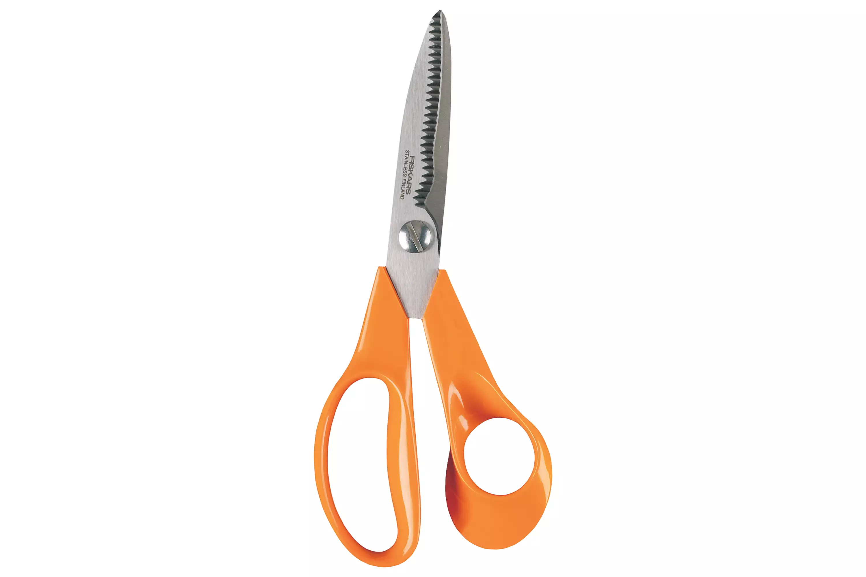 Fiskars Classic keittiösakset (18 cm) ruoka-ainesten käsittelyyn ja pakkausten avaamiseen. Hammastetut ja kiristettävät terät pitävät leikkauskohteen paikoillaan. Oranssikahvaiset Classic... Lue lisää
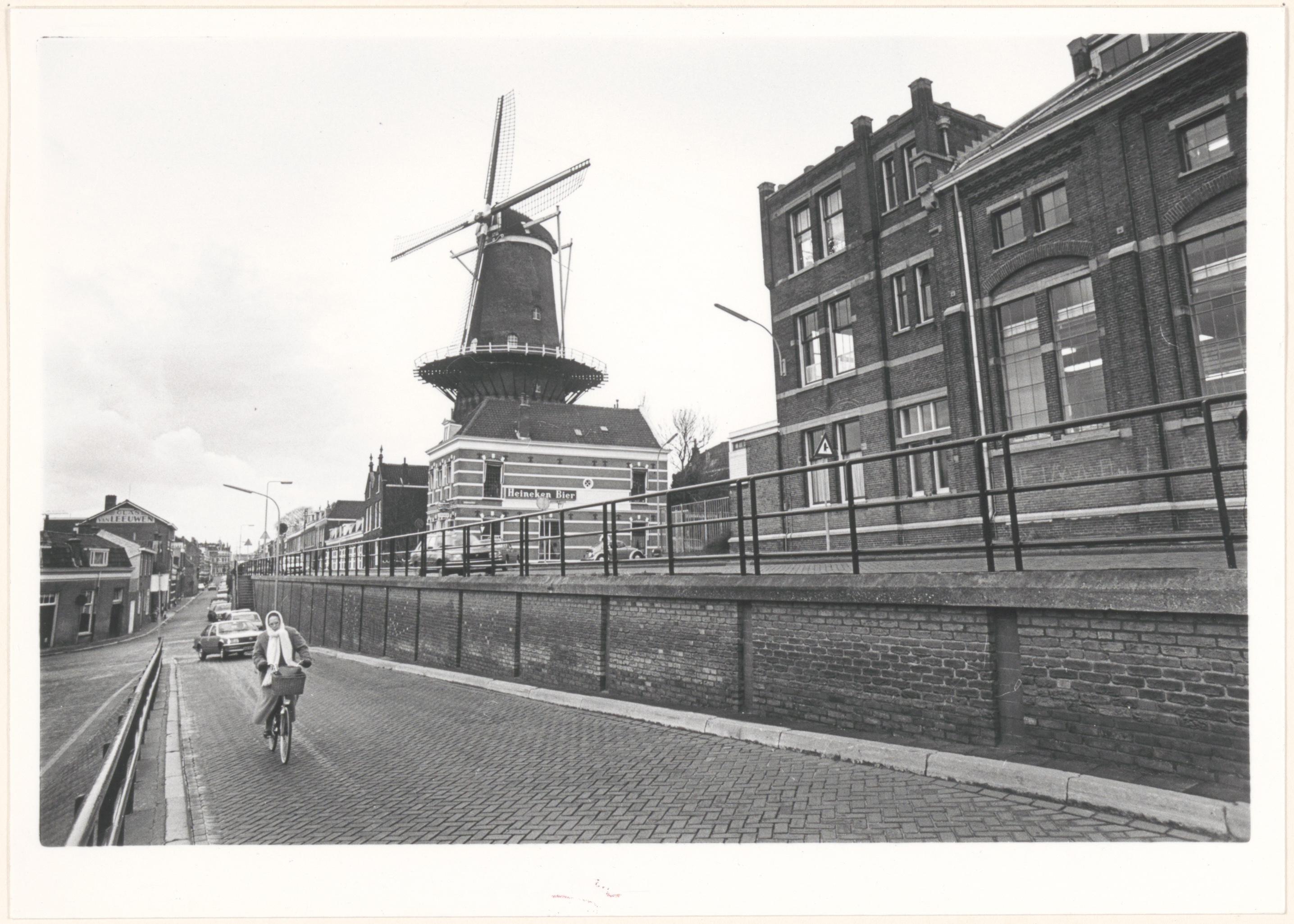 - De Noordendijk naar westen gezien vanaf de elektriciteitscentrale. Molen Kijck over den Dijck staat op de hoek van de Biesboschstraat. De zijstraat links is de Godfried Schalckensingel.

****************

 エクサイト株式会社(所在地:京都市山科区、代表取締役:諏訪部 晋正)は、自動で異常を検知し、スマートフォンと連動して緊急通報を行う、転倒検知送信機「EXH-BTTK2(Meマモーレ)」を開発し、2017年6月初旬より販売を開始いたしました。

****************

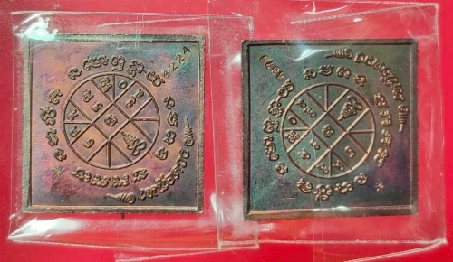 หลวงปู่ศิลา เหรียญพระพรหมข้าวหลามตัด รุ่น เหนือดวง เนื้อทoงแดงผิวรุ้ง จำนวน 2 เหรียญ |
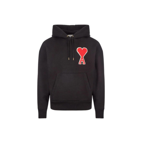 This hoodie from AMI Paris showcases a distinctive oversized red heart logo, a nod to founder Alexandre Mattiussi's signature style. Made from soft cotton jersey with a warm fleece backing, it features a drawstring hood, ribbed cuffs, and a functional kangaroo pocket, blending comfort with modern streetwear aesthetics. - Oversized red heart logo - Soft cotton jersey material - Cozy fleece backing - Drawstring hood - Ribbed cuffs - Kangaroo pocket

****************

Task requirements
What are the lines in the records above, word for word, from the one containing "Fiskars Classic keittiösakset" through the one containing "- De Noordendijk", both ends included and pictures left out?

Expected output
 Fiskars Classic keittiösakset (18 cm) ruoka-ainesten käsittelyyn ja pakkausten avaamiseen. Hammastetut ja kiristettävät terät pitävät leikkauskohteen paikoillaan. Oranssikahvaiset Classic... Lue lisää
 - De Noordendijk naar westen gezien vanaf de elektriciteitscentrale. Molen Kijck over den Dijck staat op de hoek van de Biesboschstraat. De zijstraat links is de Godfried Schalckensingel.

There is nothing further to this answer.